A new paper from Tamara Harris et al. of the National Institute of Aging (Bethesda, MD, USA) looks at PUFA and fish oil consumption and its effect on the risk of osteoporotic fractures in older adults.
To date, there have been relatively few studies relating circulating fatty acids and fracture risk. These have been inconclusive. Previously, a trial by Orchard et al (2013)2 indicated that higher Eicosapentaenoic Acid (EPA) and Docosahexaenoic Acid (DHA) levels in red blood cells was protective against hip fractures. It is thought the protective effect of marine fatty acids relates to inflammatory modulation and osteoclast/osteoblast regulation at a cellular level which in turn reduces bone loss and hence helps maintain bone mineral density (BMD). Laboratory studies have shown that DHA is a potent inhibitor of the bone resorbing activities of osteoclast cells (Rahman et al3., 2008). Rat studies, meanwhile, have shown that the calcium balance increases after regular fish oil intake (Kruger and Coetzer, 1995).

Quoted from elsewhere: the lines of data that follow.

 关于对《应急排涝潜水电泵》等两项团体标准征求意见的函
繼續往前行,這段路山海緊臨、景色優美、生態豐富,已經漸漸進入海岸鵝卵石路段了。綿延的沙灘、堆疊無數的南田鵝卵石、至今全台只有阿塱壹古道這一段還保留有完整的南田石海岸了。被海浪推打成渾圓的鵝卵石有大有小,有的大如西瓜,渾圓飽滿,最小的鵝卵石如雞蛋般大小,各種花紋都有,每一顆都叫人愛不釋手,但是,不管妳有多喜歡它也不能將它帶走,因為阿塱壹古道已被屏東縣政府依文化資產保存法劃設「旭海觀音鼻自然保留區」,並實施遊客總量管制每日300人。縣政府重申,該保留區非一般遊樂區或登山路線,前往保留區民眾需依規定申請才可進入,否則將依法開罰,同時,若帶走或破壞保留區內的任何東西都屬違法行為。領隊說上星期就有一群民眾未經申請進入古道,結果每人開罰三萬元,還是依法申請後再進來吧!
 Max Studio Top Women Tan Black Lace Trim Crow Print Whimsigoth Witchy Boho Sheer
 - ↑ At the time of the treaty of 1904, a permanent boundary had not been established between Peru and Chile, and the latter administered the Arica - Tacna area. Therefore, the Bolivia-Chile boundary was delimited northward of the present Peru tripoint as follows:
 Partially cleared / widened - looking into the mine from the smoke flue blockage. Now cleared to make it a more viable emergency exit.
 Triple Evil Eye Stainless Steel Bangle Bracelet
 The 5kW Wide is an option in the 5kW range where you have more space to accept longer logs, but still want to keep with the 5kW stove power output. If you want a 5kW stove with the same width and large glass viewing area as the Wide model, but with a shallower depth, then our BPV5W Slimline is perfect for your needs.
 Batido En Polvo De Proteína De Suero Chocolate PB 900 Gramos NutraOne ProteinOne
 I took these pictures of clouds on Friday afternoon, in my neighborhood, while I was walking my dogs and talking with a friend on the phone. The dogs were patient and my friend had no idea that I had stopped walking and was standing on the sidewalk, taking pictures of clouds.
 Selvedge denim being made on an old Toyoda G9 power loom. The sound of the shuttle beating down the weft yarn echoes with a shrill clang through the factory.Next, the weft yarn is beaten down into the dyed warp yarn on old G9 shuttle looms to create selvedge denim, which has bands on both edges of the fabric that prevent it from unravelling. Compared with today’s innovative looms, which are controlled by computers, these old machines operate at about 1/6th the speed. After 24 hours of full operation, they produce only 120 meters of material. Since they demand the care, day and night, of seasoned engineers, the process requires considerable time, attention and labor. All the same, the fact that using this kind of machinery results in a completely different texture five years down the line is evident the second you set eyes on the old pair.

The new paper determined the number of osteoporotic fractures from an Icelandic cohort of 1438 men and women aged between 66 and 96 years at five to nine years after enrolment. Whilst fish oil intake was assessed using validated intake questionnaires, the full fatty acid profile was determined from blood phospholipid samples. The final results show a borderline lower risk of osteoporotic fracture associated with increased PUFA intake in all adults, whilst increased omega 6 fatty acid and specifically Arachidonic Acid (ARA) resulted in increased risk in women. Curiously, the benefits of fish oil consumption could not be demonstrated across the entire life span, rather a protective effect against risk of fracture was demonstrated in late life for men and midlife for women. These results could indicate that fish oil protects against osteoporosis related to the onset on the menopause in women, however once BMD has been depleted, fish oil cannot provide protection against fracture in older women.